Open AI responds by assuring us that GPT-4 will be much harder to trick, won’t spit out falsehoods as often, and is more likely to turn down inappropriate requests or queries that could see it generate harmful responses. But it is still unlikely to be 100% reliable in all cases so it should still be used only for very specific tasks, like summarizing an article or creating test questions or prompts within a very clearly delineated and limited area of interest.
Implications for the Classroom:
The University of Washington Center for Teaching and Learning has issued strategies for instructors to help them communicate with students, set expectations, and develop assignments in the age of ChatGPT and other AI-based tools(3). The strategies are broken into several areas, including:
Set clear policies for the use of AI in specific courses;
Communicate the importance of college learning;
Assess a student’s process of learning as much as (or more than) the outcome;
Acknowledge that the struggle is part of learning;
Consider teaching through AI-based tools.
This suggests that Professors will have to be a lot more proactive in reviewing students’ writing for possible plagiarism based on GPT or other AI tools. A return to in class writing assignments or at least numerous drafts of any significant writing assignment will help ensure that students are submitting their own writing and ideas and not simply copy and pasting output from an AI based tool.
On the other hand, a number of school districts have banned Chat GPT from their classrooms, networks and devices(5) including: the New York City Department of Education, Seattle Public Schools and Los Angeles Unified School District, and Baltimore County Public Schools in Maryland.
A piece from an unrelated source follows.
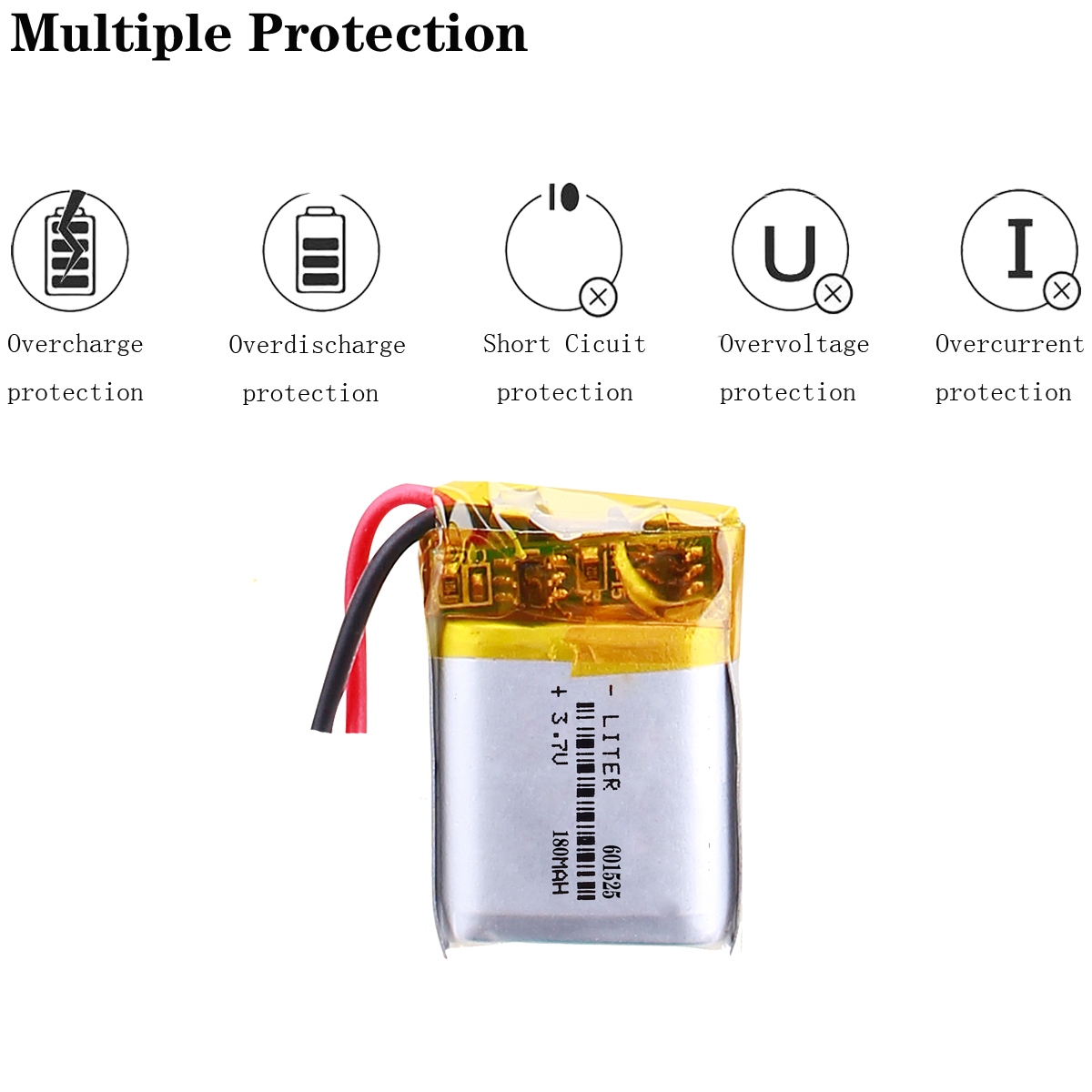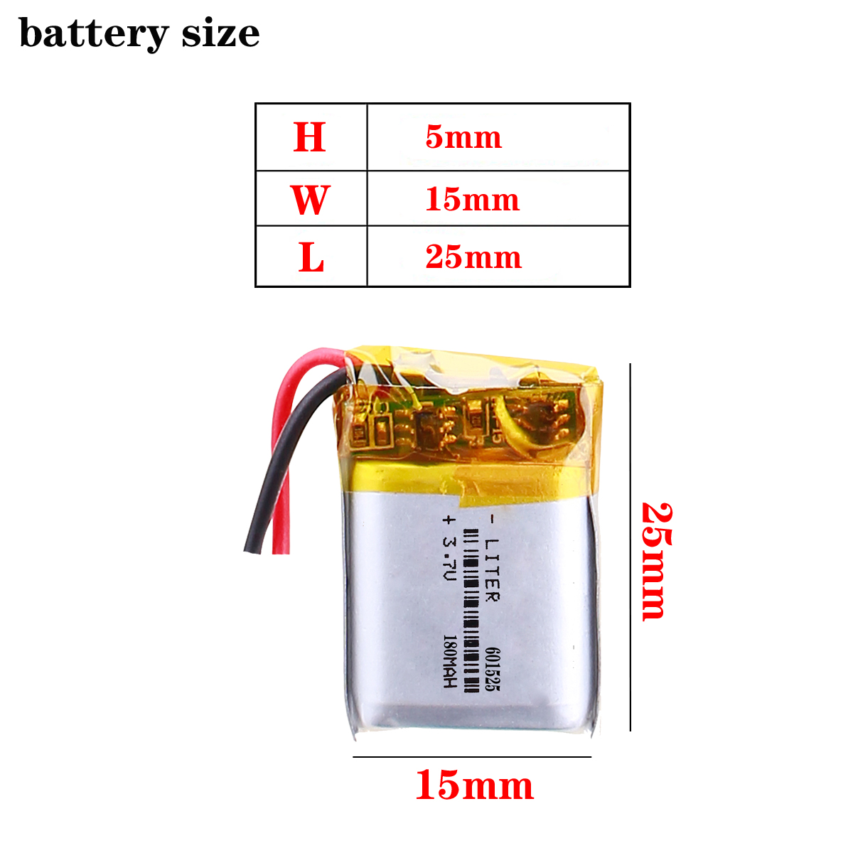 Premium 3.7V, 180mAh 601525 rechargeable Li-Po battery.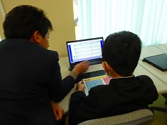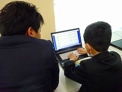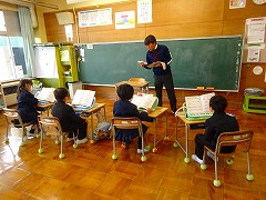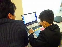 ↑ ローマ字打ちを担任と交互に行っています。実際に言葉を入力しながら、ローマ字の仕組みを理解しています。

In Australia, jurisdictions including Western Australia, New South Wales, Queensland, and Tasmania, have blocked students from accessing ChatGPT on school internet networks, per ABC.
One of France’s top universities, Sciences Po, banned the use of ChatGPT and other AI tools. In India, Bangalore’s RV University banned students from using ChatGPT. The university said it would conduct surprise checks on students suspected of using the technology, asking them to redo the content on their own.
This seems a bit extreme and perhaps even unrealistic since students at home or off campus will be able to access these tools quite easily and most probably will unless most assignments are done in class using school provided devices with the aforementioned restrictions in place.
Ultimately, Chat GPT and its ilk are here to stay and will only become more advanced and capable as time goes on. We can learn to use them or partner with them in realistic and specific ways or be left behind as the rest of the world chooses to benefit from their ever expanding abilities and applications. I’m just hoping Chat GPT will be able to serve as a virtual assistant or even an AI TA at some point in the future giving me more time for actual teaching by helping me grade, test or administer my classes more effectively than a merely human teacher like myself is capable of.